*Aim of the task*: Below are entries. Copy exactly the lines running from the line that holds "Jeelugulaputtu village has" to the line that holds "A threshold selection, discarding", with both ends included.

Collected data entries
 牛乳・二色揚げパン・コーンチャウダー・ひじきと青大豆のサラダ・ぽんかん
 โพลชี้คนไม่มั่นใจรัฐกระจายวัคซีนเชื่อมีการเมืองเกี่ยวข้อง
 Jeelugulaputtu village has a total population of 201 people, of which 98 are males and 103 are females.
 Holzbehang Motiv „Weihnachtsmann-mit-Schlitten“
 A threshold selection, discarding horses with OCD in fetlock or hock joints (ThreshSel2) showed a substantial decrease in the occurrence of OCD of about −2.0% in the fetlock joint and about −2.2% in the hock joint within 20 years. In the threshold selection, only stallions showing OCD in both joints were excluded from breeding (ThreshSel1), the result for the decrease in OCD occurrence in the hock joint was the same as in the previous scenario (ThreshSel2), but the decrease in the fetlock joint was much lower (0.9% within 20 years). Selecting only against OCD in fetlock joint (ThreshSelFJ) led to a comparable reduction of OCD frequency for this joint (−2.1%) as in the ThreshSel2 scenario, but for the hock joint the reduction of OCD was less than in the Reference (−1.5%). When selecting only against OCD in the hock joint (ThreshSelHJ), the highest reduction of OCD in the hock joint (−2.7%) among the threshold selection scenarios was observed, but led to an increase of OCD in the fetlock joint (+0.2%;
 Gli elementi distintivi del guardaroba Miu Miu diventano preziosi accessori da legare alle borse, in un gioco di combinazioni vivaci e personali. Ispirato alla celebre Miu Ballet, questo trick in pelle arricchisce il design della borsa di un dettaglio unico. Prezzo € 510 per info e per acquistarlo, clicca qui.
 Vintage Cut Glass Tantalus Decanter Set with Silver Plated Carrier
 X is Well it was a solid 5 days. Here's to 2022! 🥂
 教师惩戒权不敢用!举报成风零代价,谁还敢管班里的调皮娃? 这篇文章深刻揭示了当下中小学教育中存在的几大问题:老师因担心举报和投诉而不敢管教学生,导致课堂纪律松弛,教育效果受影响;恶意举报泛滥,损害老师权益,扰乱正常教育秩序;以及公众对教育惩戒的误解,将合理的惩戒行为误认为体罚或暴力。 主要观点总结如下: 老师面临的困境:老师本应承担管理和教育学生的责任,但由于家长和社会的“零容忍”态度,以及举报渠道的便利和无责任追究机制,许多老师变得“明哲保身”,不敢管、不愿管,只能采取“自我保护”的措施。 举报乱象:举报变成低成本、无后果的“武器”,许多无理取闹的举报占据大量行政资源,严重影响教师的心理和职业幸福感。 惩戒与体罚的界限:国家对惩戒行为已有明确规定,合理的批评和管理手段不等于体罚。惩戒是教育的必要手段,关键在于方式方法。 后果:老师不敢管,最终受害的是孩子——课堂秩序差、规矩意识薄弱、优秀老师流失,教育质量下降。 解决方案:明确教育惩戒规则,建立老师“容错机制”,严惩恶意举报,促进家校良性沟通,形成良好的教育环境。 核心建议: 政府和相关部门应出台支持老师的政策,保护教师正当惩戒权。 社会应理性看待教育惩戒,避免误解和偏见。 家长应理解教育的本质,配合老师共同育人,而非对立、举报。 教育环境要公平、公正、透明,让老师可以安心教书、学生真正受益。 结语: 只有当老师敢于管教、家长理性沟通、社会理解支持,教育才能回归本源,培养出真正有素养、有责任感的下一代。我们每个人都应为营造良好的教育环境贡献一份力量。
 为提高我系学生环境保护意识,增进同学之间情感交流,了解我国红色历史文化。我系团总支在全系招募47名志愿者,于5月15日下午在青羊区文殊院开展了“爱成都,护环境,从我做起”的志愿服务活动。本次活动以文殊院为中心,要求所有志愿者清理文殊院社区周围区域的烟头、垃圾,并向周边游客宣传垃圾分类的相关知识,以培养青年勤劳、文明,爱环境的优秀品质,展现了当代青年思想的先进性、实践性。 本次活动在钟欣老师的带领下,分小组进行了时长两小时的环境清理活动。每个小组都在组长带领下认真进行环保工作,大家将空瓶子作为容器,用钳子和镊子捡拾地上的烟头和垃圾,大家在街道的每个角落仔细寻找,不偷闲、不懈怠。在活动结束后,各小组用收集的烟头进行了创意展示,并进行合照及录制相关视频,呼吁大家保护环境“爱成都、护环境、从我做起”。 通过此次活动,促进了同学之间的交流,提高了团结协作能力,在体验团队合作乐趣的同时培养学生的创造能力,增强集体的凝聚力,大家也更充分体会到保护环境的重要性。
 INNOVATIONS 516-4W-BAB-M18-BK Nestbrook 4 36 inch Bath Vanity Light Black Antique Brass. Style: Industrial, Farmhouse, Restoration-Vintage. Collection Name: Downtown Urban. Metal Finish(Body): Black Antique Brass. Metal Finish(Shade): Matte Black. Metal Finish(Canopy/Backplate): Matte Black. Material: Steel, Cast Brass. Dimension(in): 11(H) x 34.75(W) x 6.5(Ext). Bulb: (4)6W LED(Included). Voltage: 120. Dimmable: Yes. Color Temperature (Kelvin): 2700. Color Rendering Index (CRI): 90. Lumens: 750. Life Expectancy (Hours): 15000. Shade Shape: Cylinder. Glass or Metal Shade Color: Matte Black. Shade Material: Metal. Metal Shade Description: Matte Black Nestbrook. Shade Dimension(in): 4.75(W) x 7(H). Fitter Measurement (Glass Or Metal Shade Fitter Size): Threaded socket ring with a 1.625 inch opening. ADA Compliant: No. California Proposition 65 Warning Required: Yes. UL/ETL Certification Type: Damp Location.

*Answer to this problem*:
 Jeelugulaputtu village has a total population of 201 people, of which 98 are males and 103 are females.
 Holzbehang Motiv „Weihnachtsmann-mit-Schlitten“
 A threshold selection, discarding horses with OCD in fetlock or hock joints (ThreshSel2) showed a substantial decrease in the occurrence of OCD of about −2.0% in the fetlock joint and about −2.2% in the hock joint within 20 years. In the threshold selection, only stallions showing OCD in both joints were excluded from breeding (ThreshSel1), the result for the decrease in OCD occurrence in the hock joint was the same as in the previous scenario (ThreshSel2), but the decrease in the fetlock joint was much lower (0.9% within 20 years). Selecting only against OCD in fetlock joint (ThreshSelFJ) led to a comparable reduction of OCD frequency for this joint (−2.1%) as in the ThreshSel2 scenario, but for the hock joint the reduction of OCD was less than in the Reference (−1.5%). When selecting only against OCD in the hock joint (ThreshSelHJ), the highest reduction of OCD in the hock joint (−2.7%) among the threshold selection scenarios was observed, but led to an increase of OCD in the fetlock joint (+0.2%;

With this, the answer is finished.